We can use Larange interpolation,so i think yes

Problem is very easy

Yes @above its easy; the required polynomial is $P(x)=x^3-(x-a)(x-b)(x-c)$.

i am sorry but read the question again it is mentioned quadratic polynomial.

please look carefully, the cubic term will be cancelled

oh crap i am less on sleep sorry someone just kill me.

<dovakin123> wrote: Yes @above its easy; the required polynomial is $P(x)=x^3-(x-a)(x-b)(x-c)$. Yes. The cubic term cancels out surely. However, how do we know the coefficient of the quadratic term is a positive integer?

- Deleted since it was wrong - I should carefully read the problem. Let me pose another problem. Prove or disprove the following; For any three different integers $a$, $b$, $c$, there is an integral coefficient quadratic polynomial which takes all three values $a^3$, $b^3$, $c^3$ at some integer points. Can we require the graph of the polynomial be concave above?
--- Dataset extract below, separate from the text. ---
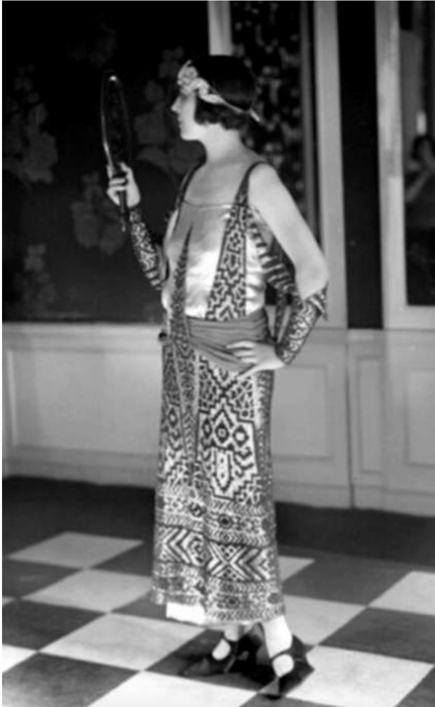
Paul Poiret, robe du soir ornée de motifs d'inspiration égyptienne, photographie de Boris Lipsinski, 1923 10 .

At my opinion, the answer is negative and essential difficulty lies on the example like $\left\{ a,b,c \right \} = \left\{ -3,-1,0 \right\}$. From this example, we can deduce that if there is no pair of integers $(m,n,k)$ such that \[ \frac{26 k-27 m+n}{(m-k) (k-n) (m-n)} \]is a positive integer, then the answer is negative which is very likely to be true.

$a,b,c$ are positive, and $x^3-(x-a)(x-b)(x-c)=(a+b+c)x^2-(ab+ac+bc)x+abc$ has positive coefficient for $x^2$

I saw a very similar problem in 2017 AMC 12 B problem 23.[url]https://artofproblemsolving.com/wiki/index.php/2017_AMC_12B_Problems/Problem_23 [/url]